- Origin: Alexandria, Virginia
- Genres: Pop-punk; punk rock; skate punk; melodic hardcore; alternative rock;
- Years active: 1998–2007
- Labels: Negative Progression; Lobster; Virgin;
- Spinoffs: Runner Runner
- Past members: Peter Munters Seth Watts Nick Bailey James Ulrich Ryan Ogren

= Over It (band) =

American pop-punk band

Over It was an American rock band based in Orange County, California. Originally from Alexandria, Virginia, the band formed in 1998 to play pop-punk. Although they were most recently signed to Virgin Records, Over It is currently unsigned and inactive.

==History==
The band, originally a four-piece, started out on Negative Progression Records, who released their debut album The Ready Series on April 25, 2000. They promoted it with a US tour between June and August 2000. In December 2000 and January 2001, the band toured the south-eastern and midwestern US states with the Stryder. The band signed to Lobster Records in December 2001. In early 2002, Over It toured across the US with And So It Begins. Over It released a split with My Captain in June 2002, following which both bands toured in July and August. In June, the band played two weeks of shows with Near Miss. Preceded by the free download of "Nothing Serious" on July 18, 2002, the band released Timing Is Everything on September 3, 2002.

In October and November 2002, Over It toured across the US east coast; in January and February 2003, they toured across California. In June, the band released an acoustic split with Junction 18. The following month, the band appeared on the Radioactive Stage of Warped Tour. Between September and November 2003, the band supported Rufio and Motion City Soundtrack on a co-headlining cross country tour. On November 18, Timing Is Everything was reissued as an enhanced CD. In April 2004, the band went on tour with the Matches, which was followed by a stint with A Wilhelm Scream in May. In July and August, the band appeared on Warped Tour. They toured the West Coast with Tokyo Rose, My New Life and Park, and then toured with the Gamits and National Product the following month.

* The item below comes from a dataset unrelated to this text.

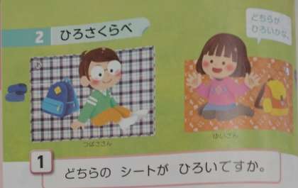 どちらが ひろい 公開日 2022/12/02 更新日 2022/12/02 お知らせ 1年生は算数科で「どちらが おおい どちらが ひろい」の学習をしています。本時では、次のような(あ)と(い)のシートの広さを比べます。見た目では、どちらが広いのか少しはっきりしません。正しく比べる方法はないでしょうか。 話し合って「重ねる」という方法を発見しましたが、重ね方には気をつけないことがあるようです。 いいね(0)

The music video for "Siren on the 101" was posted online on January 24, 2005. Over It went on a West Coast tour in February 2005 with Killradio and Acceptance. They released Silverstrand on March 8, 2005; in the two months leading up to its release, a new song from it was posted online on a weekly basis. Silverstrand chronicles the band's move to southern California, and is their most focused work to date. The band added Ryan Ogren as an extra guitar player. Over It toured the US in March and April 2005 with Tsunami Bomb and the F-Ups. Following this, they appeared at The Bamboozle festival in April 2005, tour with Gatsbys American Dream and Rufio, and released a split single with Punchline on April 26, 2005. In June 2005, they supported Halifax on their headlining tour, and played a few shows with Motion City Soundtrack, prior to an appearance on that year's Warped Tour.

In October and November 2005, Over It supported Relient K on their headlining US tour. On December 12, 2005, the band announced they had signed to major label Virgin Records. They went on a brief tour of Japan with Rufio and This Day and Age. In March 2006, the band began recording their upcoming album for Virgin Records with producer Mike Green. In April and May 2006, the band performed on the Virgin College Mega Tour alongside Yellowcard, leading up to an appearance at The Bamboozle festival. On June 13, 2006, "Too Much Information" was posted on the band's Myspace profile, followed by "Gunslinger" a month later. On July 20, 2006, Step Outside Yourself was announced for release in the following month.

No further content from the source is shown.